Among the military personnel were escaped prisoners of war, recently enlisted men, army cadets and shot-down airmen, all driven by the same desire to rejoin the Allied forces and continue the fight. Among the escaping civilians were victims of discrimination of all kinds, foreigners, Jews, resistants and anyone who had been denounced for one reason or another.

ExodusTheir common denominator was the vital need to get away from the unbearable oppression in France and reach Spain by crossing the Pyrenees. At the beginning of this exodus, all those who were captured by Spanish frontier guards were unfortunately returned to France, interned by the Vichy regime and subsequently handed over to the German authorities. Later, although General Franco was an ally of Hitler and imprisoned all new invaders in extremely bad conditions for periods of between two to six months (depending on age, nationality and status), he later freed his captives under various economic conditions arranged in secret with the opposing Allied powers. During the early years of the war the occupying forces had left control of the free zone to the government of Vichy, which meant that for a certain time many routes were made more accessible by the variety of people who were willing to lead evaders across the Pyrenees. These guides included shepherds, professional smugglers, forestry workers, hunters of isards (the Pyrenean chamois) and frontier farming families.

But from the 11th of November 1942, the date on which the Germans occupied the free zone following the Allied invasion of North Africa on the 8th of November, the Nazi noose tightened and surveillance increased dramatically. Frontier guards, mainly Austrians, were posted along the whole length of the mountain chain and enemy patrols intensfied. A forbidden zone twenty kilometres deep was also set up along the Pyrenees into which access was only allowed with a special pass.

From then on it became vital to develop more structured, more efficient and certainly more secret ways of reaching safety in Spain.

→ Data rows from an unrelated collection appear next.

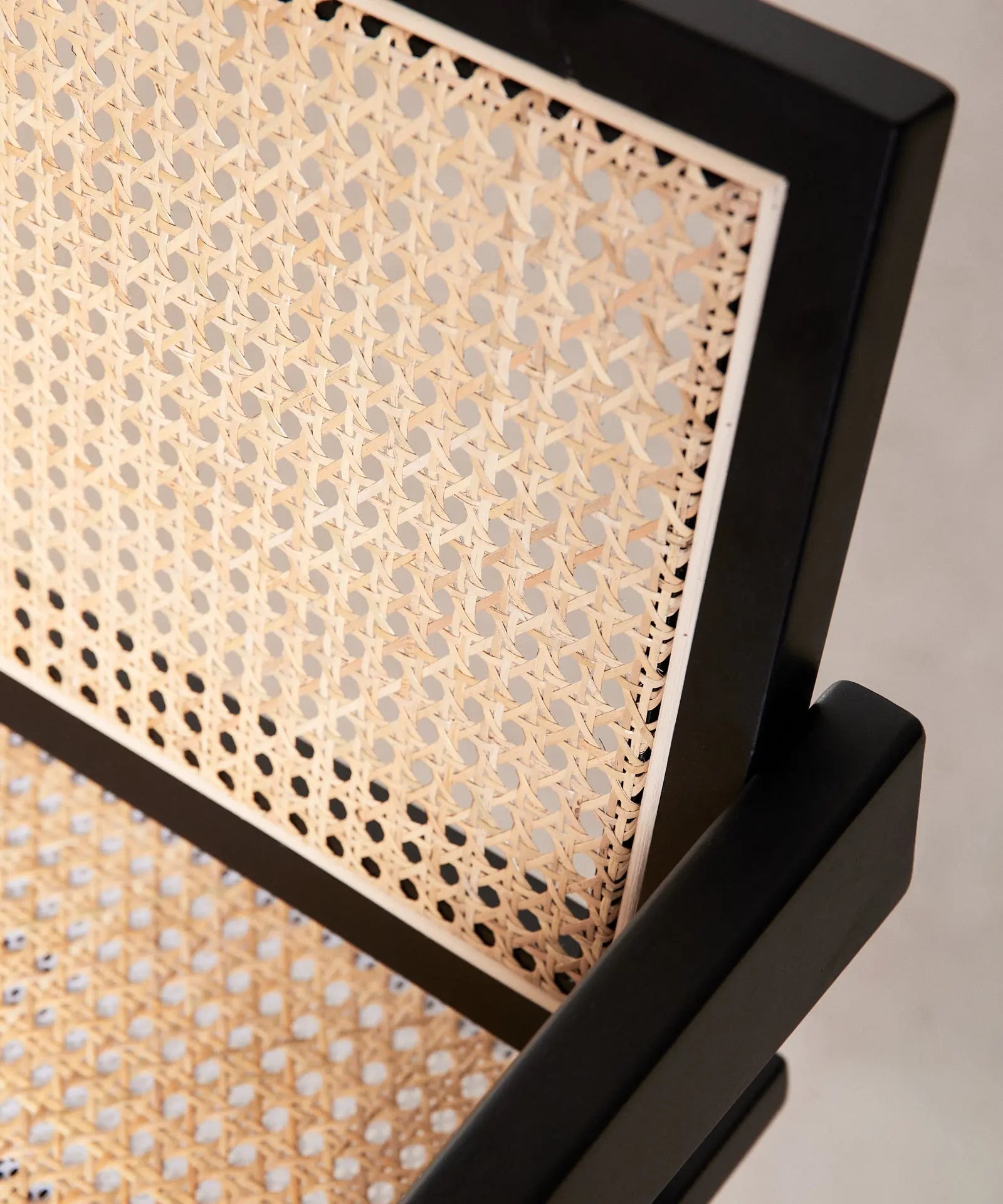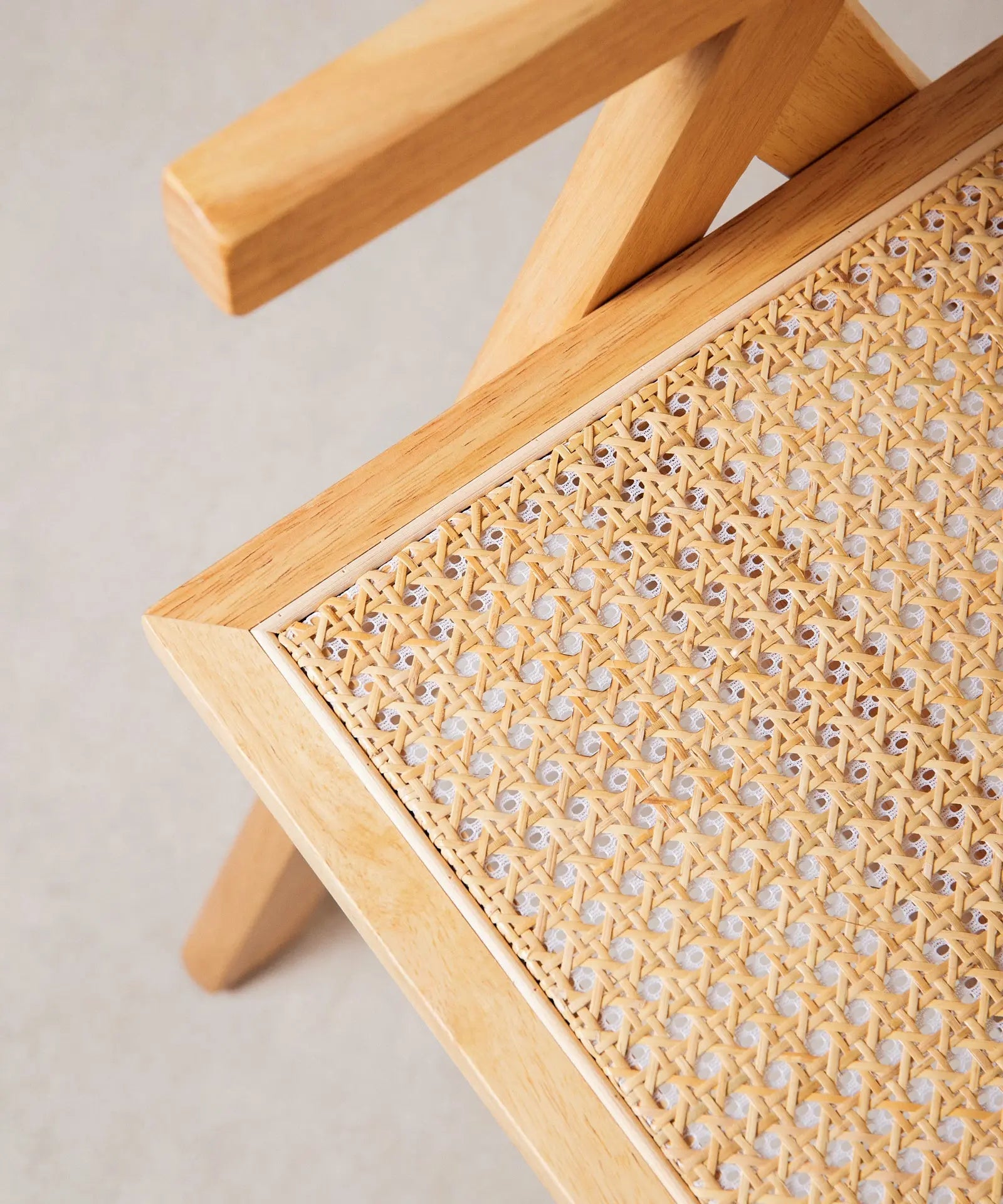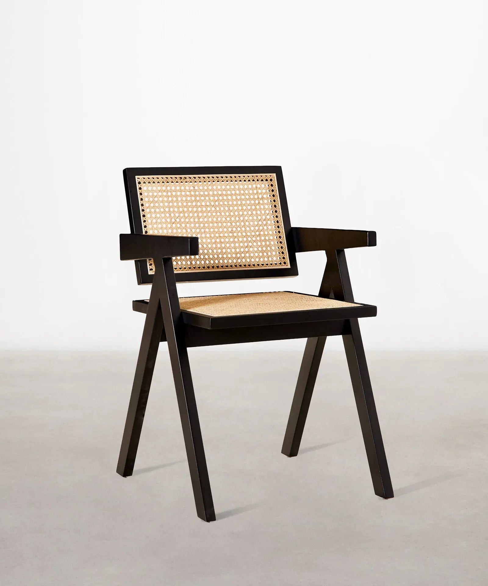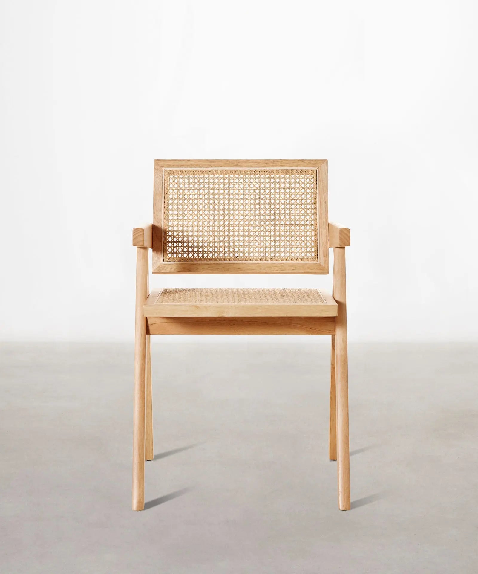Su estructura, respaldo y reposabrazos están fabricados en robusta madera de fresno natural que combina a la perfección con su asiento acabado en ratán.
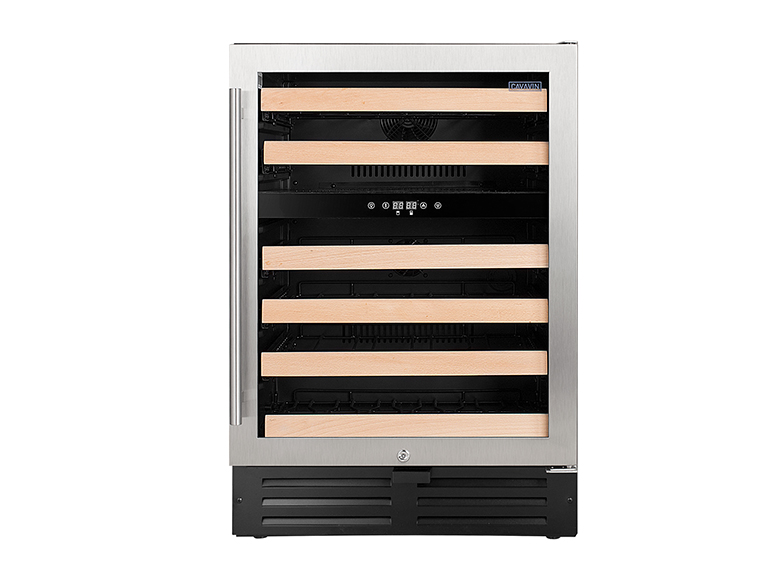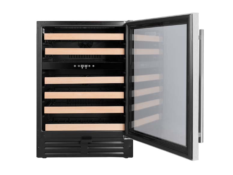 Temperature readings can be shown in either Celsius or Fahrenheit. Wooden rack shelving allows efficient storage of up to 46 bottles across two temperature zones. All components are rated for residential or commercial use.Spacious yet compact, this high-capacity wine cooler can keep up to 46 bottles of wine perfectly chilled in two separate zones. Stylish white glass door with stainless steel trim suits any decor.     Maintain consistent optimal environments for both red and white wines using this cooler’s dual-zone temperature control, wooden rack shelving and reversible door. Interior fans provide efficient circulation for precise temperature uniformity on each rack. Wooden rack shelving prevents excess vibration or bottle slippage at higher fan speeds. Automatic defrosting reduces hassle and prevents uneven icing in each zone.
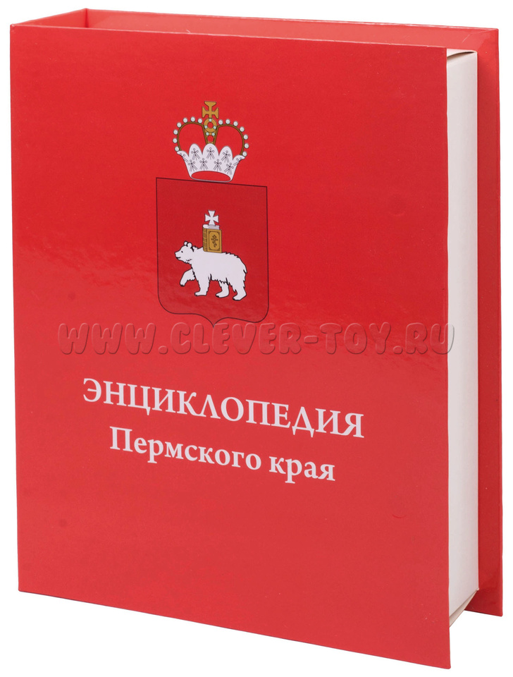 Набор «Энциклопедия Пермского края» оформлен как большая подарочная красная книга с гербовой символикой края.
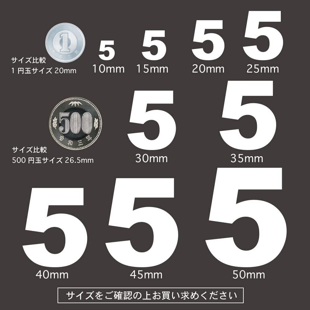 サイズが豊富。数字の防水カッティングシール。数字に切り抜かれているので並べて貼るだけで簡単にオリジナルステッカーに。防水なので、ポストやドアや 自転車、スーツケースや持ち物のデコレーションや お店のディスプレイにも。アイデア次第でいろいろ使えます。※デカールではありません。素材は厚みのあるシールです。サイズを確認の上お買い求めください <内容> ※文字サイズ 10mm 15mm 20mm 25mm 30mm (同じものが2枚入り)
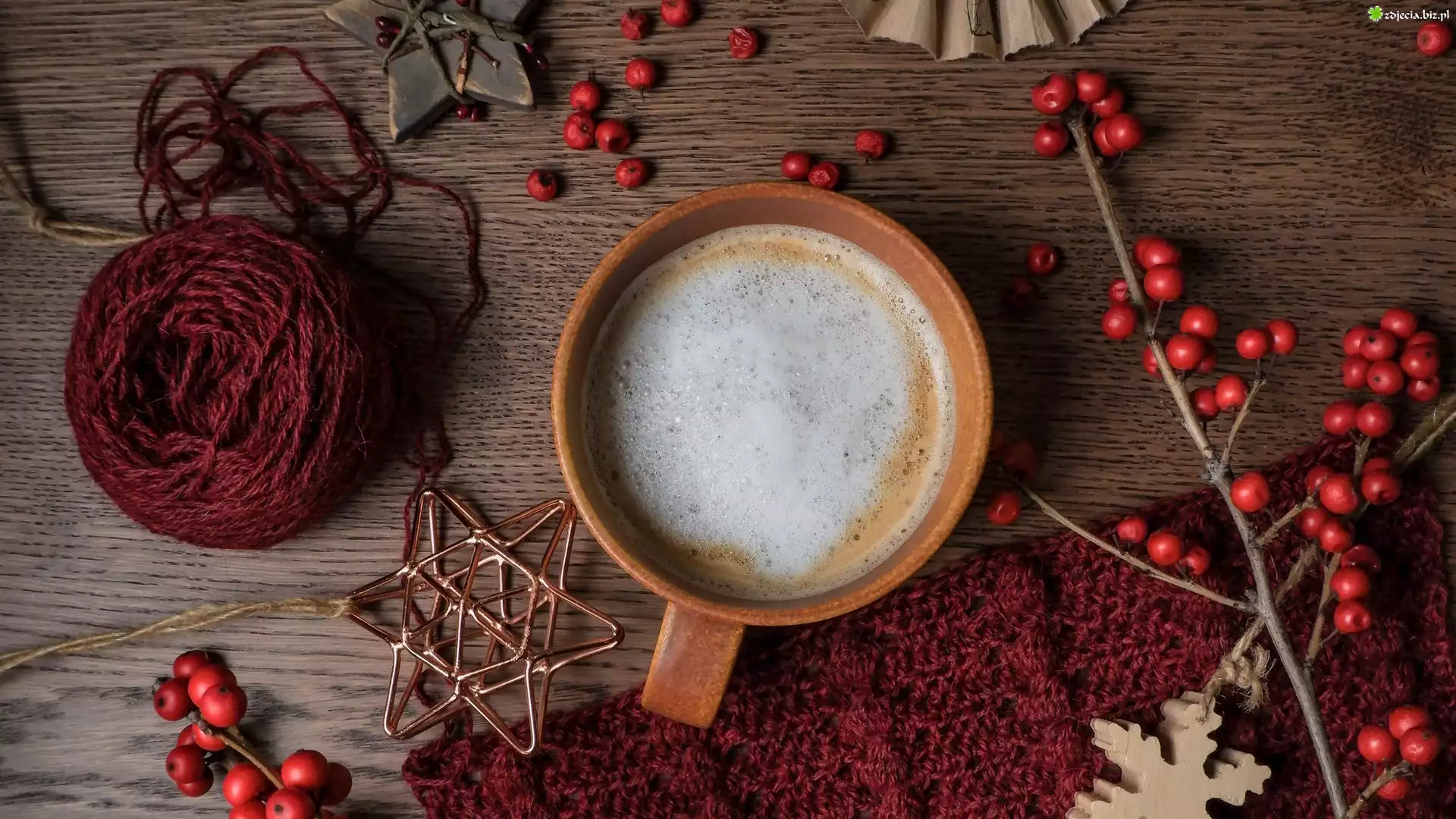 Zdjęcie Kubek, Kawa, Gałązki, Wełna, Gwiazdki
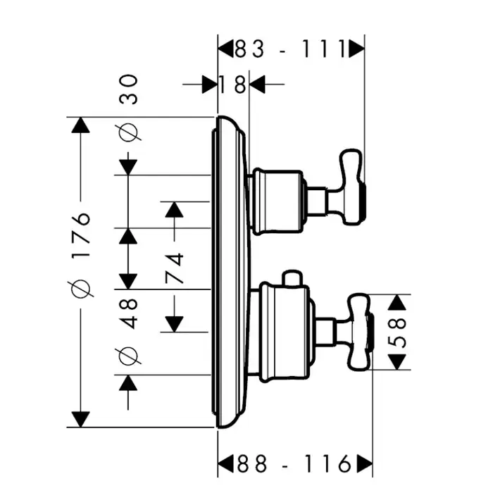 Axor Montreux Смеситель для душа с термостатом и запорно переключающим вентелем, внешняя часть, цвет: хром
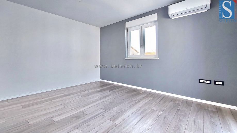 Prodaje se novi stan površine 65 m² u okolici Poreča, sastoji se od ulaznog hodnika, dnevnog boravka, natkrivene terase, kuhinje, dvije spavaće sobe i kupaonice. Stan ima PVC stolariju s 3 IZO stakla i komarnicima, klime u svim sobama, podno grijanje u kupaonici i 2 parkirna mjesta ispred zgrade. Stan se nalazi na prvom katu zgrade, udaljen je cca 8 km od mora i cca 7 km od centra grada, u naselju se nalazi škola, dječji vrtić, supermarket i restorani.
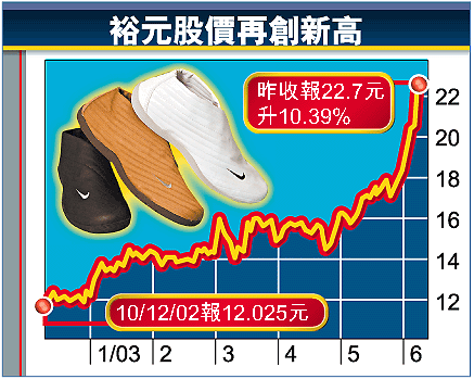 【本報訊】全球最大運動鞋生產商裕元工業(551)去年度業績優於市場預期,多家證券行紛紛調高其03年度全年盈利預測,並維持「買入」投資評級。裕元股價昨日亦再創新高,收報22.7元,升10.73%。自5月中宣布裕元將成為恒生指數成份股以來,其股價已上升逾33%。
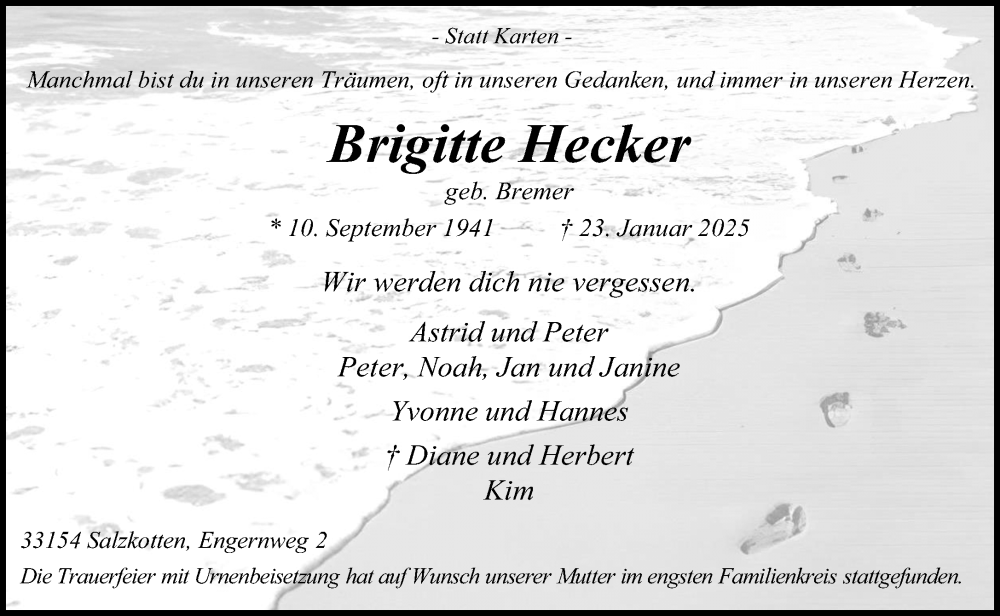 Hier finden Sie alle Traueranzeigen aus der Zeitung, die bisher für Brigitte Hecker erschienen sind. Weitere Traueranzeigen, die in der Zeitung erscheinen, werden hier ebenfalls aufgelistet
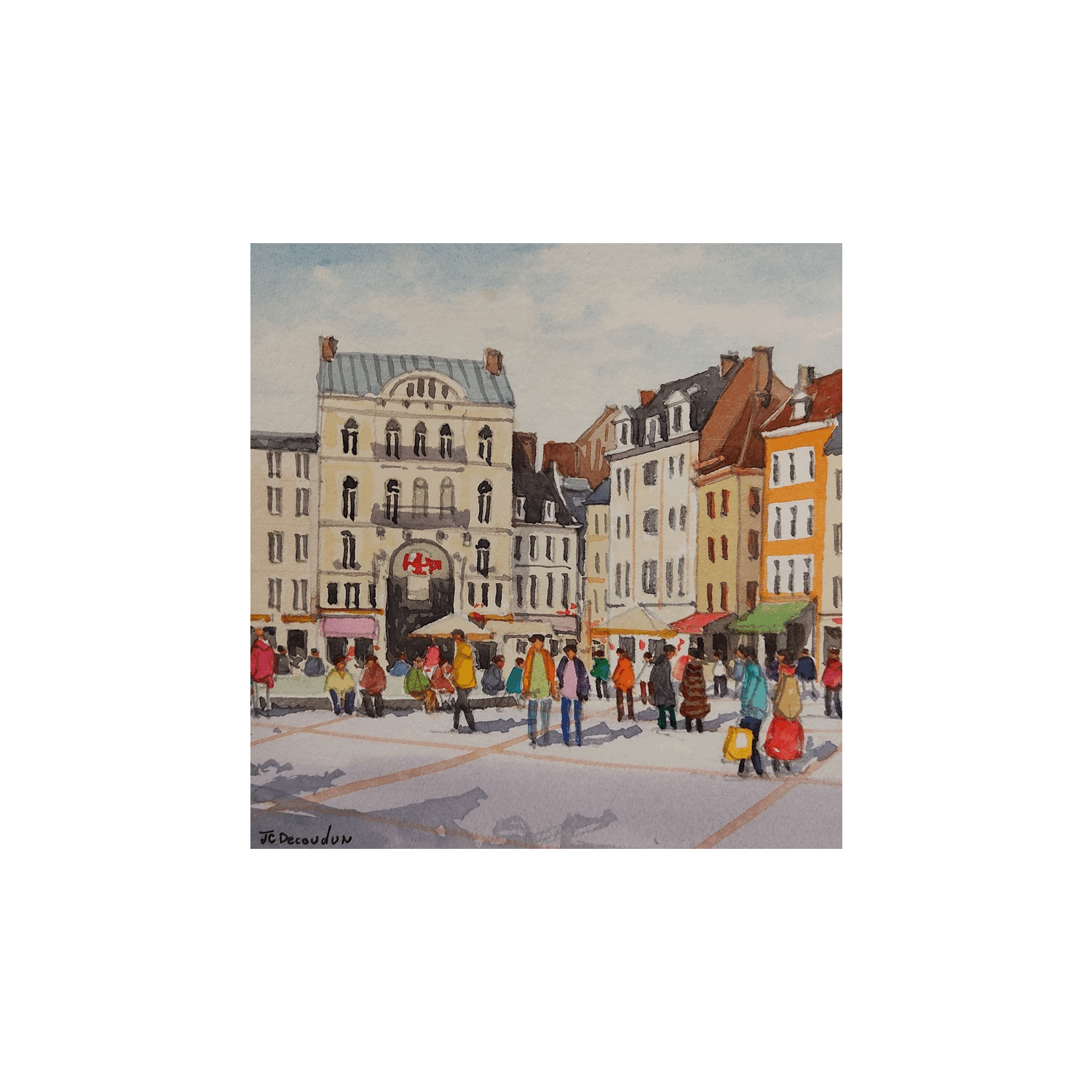 La promenade des LilloisPeinture La promenade des Lillois par Decoudun Jean charles | Tableau Figuratif Urbain Aquarelle

The result was the founding of many well-organised escape lines run by British, Belgian, Dutch, Polish and French groups whose aim was to pass not only men but also important military information and documents.

Crossing the Pyrénées
To make matters worse, early in February 1943, after the introduction of the STO (Service du Travail Obligatoire, or obligatory forced labour order) under which all young men were to be deported to work in Germany, a flood of draft evaders decided to either join one of the increasing Maquis resistance groups or flee across the mountains to neutral Spain. Faced with such an abrupt exodus of its prospective manpower force, the Nazi crackdown was swift and harsh. Arrests multiplied, escape networks were infiltrated and broken up, passeurs and guides relentlessly hunted down - so much so that of 2,000 known guides more than half were executed immediately or died later in German concentration camps. But in spite of these many setbacks 33,000 men, women and children escaped successfully along the entire length of the Pyrenees and realised their dream of freedom.